The Eldia was finally taken off Nauset Beach on May 17, 1984, fifty-one days after it came ashore. The strategy was simple but effective. First, excavators and bulldozers dug a deep bowl around the ship at low tide, which filled at high tide, allowing it to float. Next a floating dredge dug a short channel off its stern. Then a cable was attached to the stern and run out to an offshore derrick rig. Finally, on the night of May 14, on a flooding moon tide, the rig began to pull the Eldia out to sea. Nonetheless, there were some doubts as to whether the ship could be brought off intact, as there were several bars just offshore and it was over 1000 feet to deep water.
This is the final part 0f a 3-part recollection of the stranding of the freighter Eldia. Part 1 is here. And here is Part 2.

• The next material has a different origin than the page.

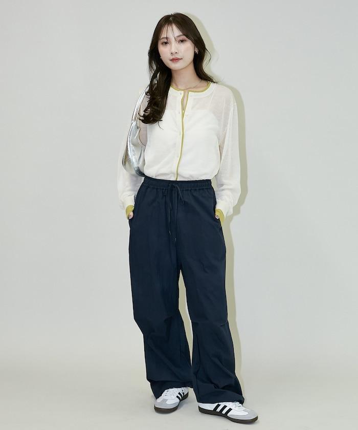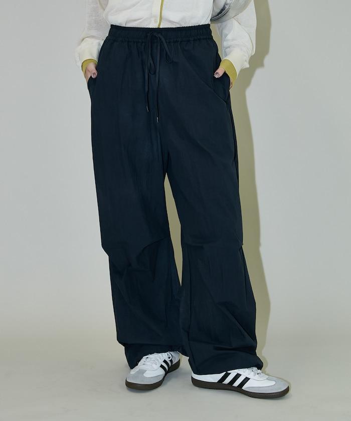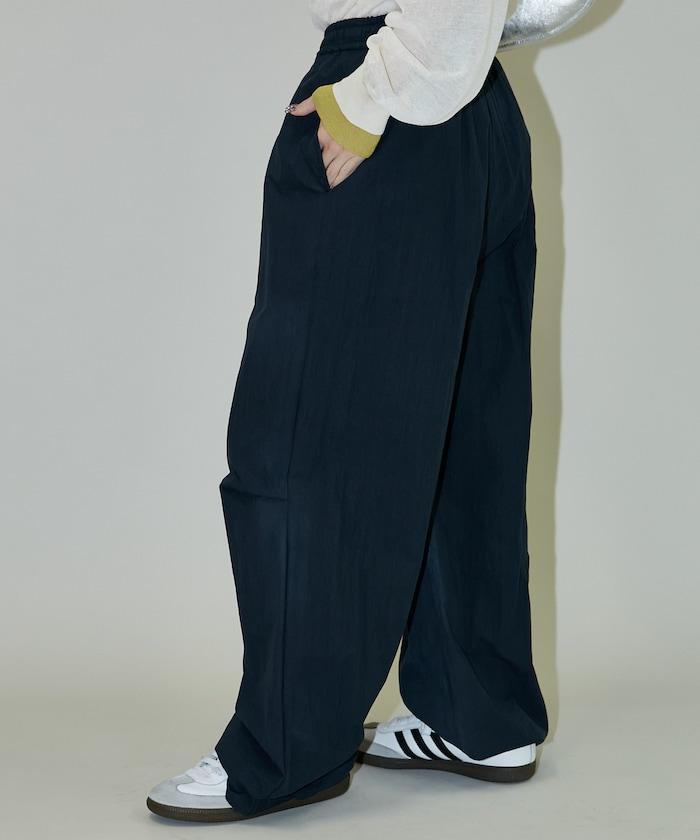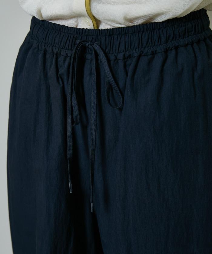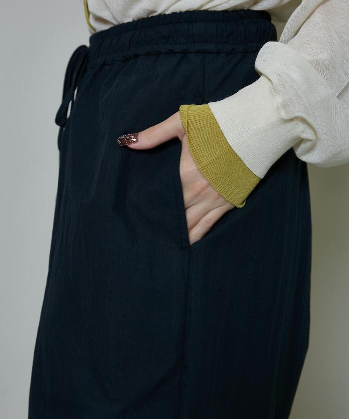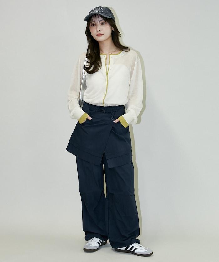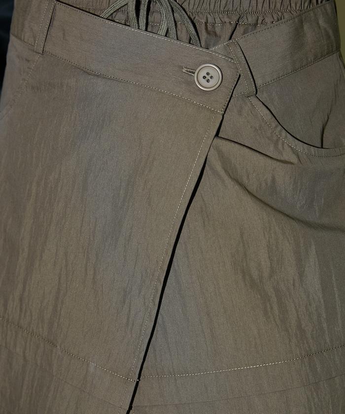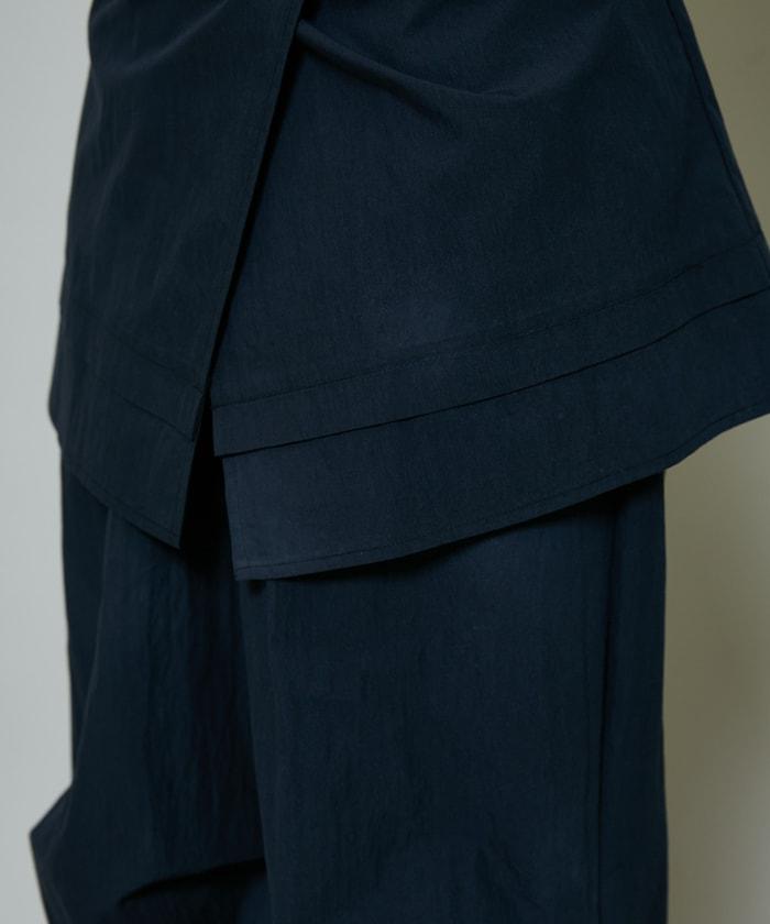 尼龍簡易長褲搭配裹身裙,層疊設計與眾不同。

I arrived at Nauset Beach that night about 11:30, a half-hour past high tide. There were only a handful of people stretched along the dark beach from the Nauset parking lot down to the ship. It was a spectacular scene. The moon was hidden by clouds, but the entire vessel was lit up with deck lights, work lights, and searchlights - like some great party ship. Several hundred yards offshore the giant derrick rig sat on its barge, also lit with green and white lights, accompanied by a similarly lit tugboat. A launch with running lights raced back and forth between the derrick and the Eldia. As I got closer I could hear the deep thrumming of the ship’s winch motors, and the derrick’s, too, pulling on the great cables. I thought it would be appropriate if she left tonight, under the same cover of darkness and cloud that she had arrived in, but as it turned out, it would be another four days of pulling her slowly, 5-10 feet at a time, dealing with snapped cables and other problems, before she finally came free and, on a windy, sunny afternoon, was tugged ignominiously out of sight.
Now that the ship was finally afloat and safely at sea, the entire operation, earnest and spectacular as it was, seemed curiously without significance. No lives had been lost or saved, really, no salvaging or looting had occurred, and, with the exception of the trampled dune vegetation, no real environmental damage had been inflicted on the beach. The day the ship finally came off, hundreds of spectators were in attendance, cheering for no particular reason. Then Philbrick’s Clam Shack closed up again until June, the sales of T-shirts and postcards declined to a trickle, and local officials sighed with relief. She was already old news.
I visited the beach again a few days later. It felt strangely empty. In less than two months the stranded ship had already become oddly familiar, like a new moon in the sky. But it had been more like a comet than a moon. The beach had been thoroughly cleaned and the massive depression the Eldia had made in the sand had already filled in. Unlike other wrecks in the past, no crushed hull or broken spars remained on the beach to rot and blacken in the sun. No souvenirs were collected or pried or wheeled off the ship to adorn local lawns or mantles or sheds as memorabilia of a remarkable visitation. There were snapshots and Super 8 videos and newspaper photos, of course, but already the ship seemed less than palpable. Had it been real? Was it actually here? Did we imagine it? A few days later we read that the Eldia had been towed to a port in New Jersey and there sold for scrap.